Sementara untuk bunga pepaya terutama pada Kates (pepaya) Gantung diyakini mengandung flavonoid, tanin, steroid, triterpenoid, karbohidrat dan antioksidan yang mampu menangkap radikal bebas.
Akar pepaya termasuk pepaya gantung berguna sebagai peluruh air seni. Bijinya bisa dimanfaatkan sebagai obat cacing dan peluruh haid. Buahnya yang matang berfungsi untuk meluruhkan empedu, memicu enzyme pencernaan dan menguatkan lambung. Buah pepaya yang masih muda (mengkal) berkhasiat melancarkan ASI.
Perlu diketahui bahwa pepaya gantung disebut juga pepaya jantan karena nyaris tidak menghasilkan buah namun sesekali juga berbuah dengan biji yang mandul (partenogenesis).
Daun dan bunga pepaya gantung rasanya pahit karena kandungan alkaloid karpain yang ada di dalamnya. Sebagian orang memanfaatkan daun, bunga dan akar pepaya gantung untuk obat (jamu) penyakit lemah jantung. Bagian-bagian tanaman pepaya tadi ditumbuk hingga halus lalu diperas airnya kemudian diminum.

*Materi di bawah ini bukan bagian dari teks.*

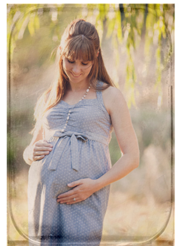
ORIGINAL PHOTO WITH TEXTURES 05-7 SET TO LINEAR BURN
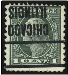
423A-CAN-31 RAS 2008 Rarities, lot 674 - $5,000 2008 PFC

SPECIAL NOTE: There are many United States stamps that look similar to the rarities listed below. Some of the differences between expensive rarities and common stamps can be subtle, including differences in perforation, shade and size. These stamps should have certificates from a recognized expertizing committee, such as The Philatelic Foundation or P.S.E. If you think you have one of these rarities, we cannot help you until after it has such a certificate.
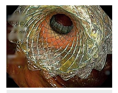
▶ Fig. 3 SPAXUS stent (Taewoong Medical, Gyeonggi-do, South Korea) set in the ileocolic anastomotic stricture. The whitening of the mucosa reflects the dilation of the stricture by the prosthesis.
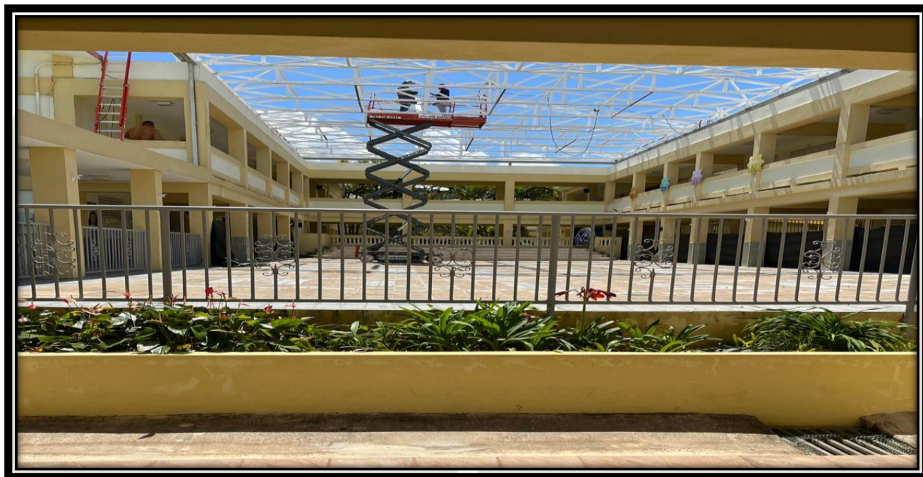
An elegant grid of white steel reaching skyward
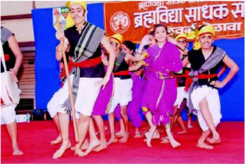
Children presenting a folk dance at an annual gathering
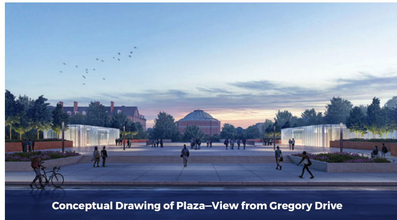
Conceptual Drawing of Plaza—View from Gregory Drive

Sciences, Health, and Education Library (Rooms 100 and 112) will be renamed, rewired, and reconstituted as study space for 300 students. This floor will also host the Writer's Workshop, loanable technology, consultation, and technology support, with other floors accommodating additional services.
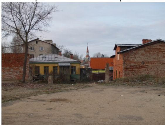
23. Valga historical centre with the view to Lugaži Church tower

Atau direbus dengan air minum dalam kemasan seperti merek cleo atau air kemasan merek lain asalkan TDS (Total Dissolved Solid)nya sama dengan nol. Tapi merebusnya dengan menggunakan bejana (gerabah) dari tanah liat agar zat-zat yang terkandung di dalam bunga, akar dan daun pepaya itu benar-benar larut dalam air dan tidak bercampur dengan senyawa bejana logam atau unsur-unsur air biasa seandainya merebusnya menggunakan air bersih biasa.
Sebagian orang yang nafsu makannya mulai menurun, dengan minum jamu kates gantung maka nafsu makanpun akan meningkat.

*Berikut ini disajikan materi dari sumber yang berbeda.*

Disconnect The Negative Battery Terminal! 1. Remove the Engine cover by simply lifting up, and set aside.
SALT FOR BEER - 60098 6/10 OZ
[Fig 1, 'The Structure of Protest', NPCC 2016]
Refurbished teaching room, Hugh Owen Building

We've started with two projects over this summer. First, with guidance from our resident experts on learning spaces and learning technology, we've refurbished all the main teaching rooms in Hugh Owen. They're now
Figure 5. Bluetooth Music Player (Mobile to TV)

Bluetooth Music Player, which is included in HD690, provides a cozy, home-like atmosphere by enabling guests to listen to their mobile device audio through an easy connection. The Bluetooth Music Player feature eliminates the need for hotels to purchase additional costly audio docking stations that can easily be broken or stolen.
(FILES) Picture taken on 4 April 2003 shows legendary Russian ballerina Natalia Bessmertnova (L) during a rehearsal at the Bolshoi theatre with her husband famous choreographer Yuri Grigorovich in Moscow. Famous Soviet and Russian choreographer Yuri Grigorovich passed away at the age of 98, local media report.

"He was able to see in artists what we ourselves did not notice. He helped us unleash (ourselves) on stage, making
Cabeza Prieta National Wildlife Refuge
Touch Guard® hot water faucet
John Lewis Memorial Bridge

Jamu yang terdiri dari campuran bunga pepaya gantung, jahe, kuning telur ayam kampung dan madu dipercaya menjadikan organ intim wanita (vagina) menjadi rapat kembali setelah melahirkan. Ini mitos atau fakta? entahlah.

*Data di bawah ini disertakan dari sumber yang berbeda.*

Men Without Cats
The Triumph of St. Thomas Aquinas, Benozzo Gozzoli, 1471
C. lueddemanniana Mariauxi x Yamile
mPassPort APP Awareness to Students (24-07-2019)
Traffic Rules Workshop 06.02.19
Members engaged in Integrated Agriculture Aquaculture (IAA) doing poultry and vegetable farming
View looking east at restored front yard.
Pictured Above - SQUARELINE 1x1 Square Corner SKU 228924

Tapi bila memperhatikan beragam senyawa kimia yang terdapat di dalam seluruh bagian tanaman (daun, bunga, batang dan akar) pepaya gantung, beberapa di antaranya mengandung zat anti oksidan dan anti bakteri maka masuk akal bila ramuan itu mampu mengencangkan kembali otot-otot vagina yang mulai mengendur termasuk juga bau tak sedap ketika wanita sedang haid atau saat mengalami keputihan.
Bunga pepaya gantung akan bekerja semakin efektif dengan tambahan jahe, kuning telur dan madu (murni) dimana bahan-bahan pelengkap tadi juga telah terbukti berkhasiat obat.